Putting myself into that situation sounds a little like self-loathing. It’s not. I wouldn’t have steered clear of Christians for so long if I didn’t love myself. I’m not interested in being a martyr, in any form, and especially not a martyr to predators and bullies.

I think there’s space for me in the church, somewhere between being a martyr and being completely closed off. It’s hard to be vulnerable, but that’s really the only way we can approach Jesus. We come to him sobbing and weak because we’ve tried so hard to be strong enough, but we just aren’t.

I’m just not.

I don’t have a pretty conversion story. I can’t talk about feeling a sense of peace or being content.
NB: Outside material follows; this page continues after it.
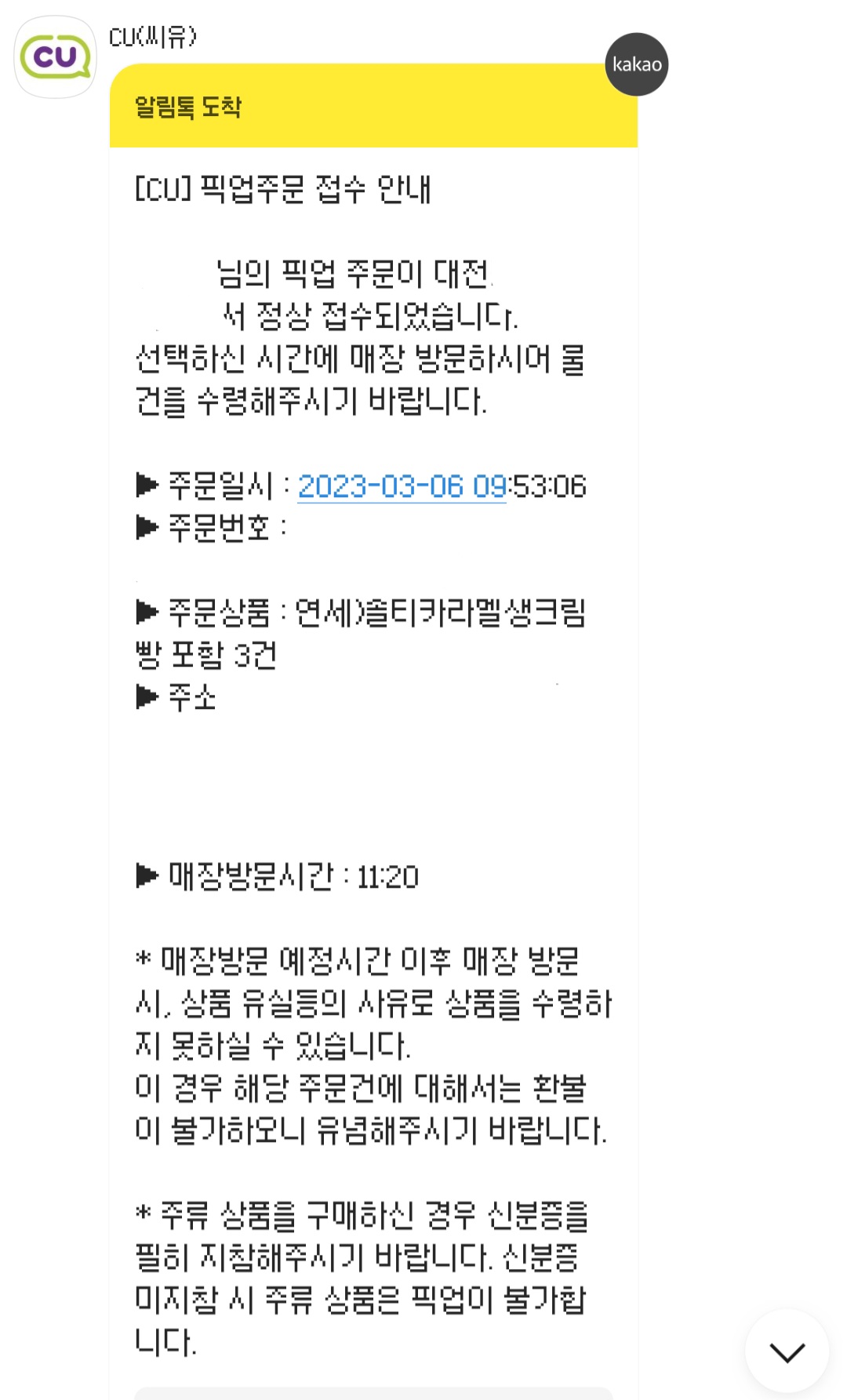 픽업을 완료했더니 완료카톡도 왔습니다!!

I don’t feel satisfied with myself for being smart enough to find The Truth, so now I can kick my feet up and relax into my rightness.

I feel like I’m in very real danger here. I have a hard road, so I’m trudging down it slowly and carefully. I also know I’m not alone on that road. I don’t have to be strong enough on my own. God is with me, and he’s not thrilled with those predators, bullies, and enablers either. Sometimes God-with-me appears in the body of an ordinary person expressing kindness in the face of cruelty.

I’d love to tell everyone the church is safe, but it’s not. There are some people here who rejoice in evil. There are wolves here, and an awful lot of sheep who just keep their heads down and let the wolves eat the most vulnerable members of the flock because at least they aren’t being eaten.

I’m here for Christ. And maybe I’m here to be Christ for people who aren’t sure they’re strong enough to survive the church because they can’t always find him in the pews.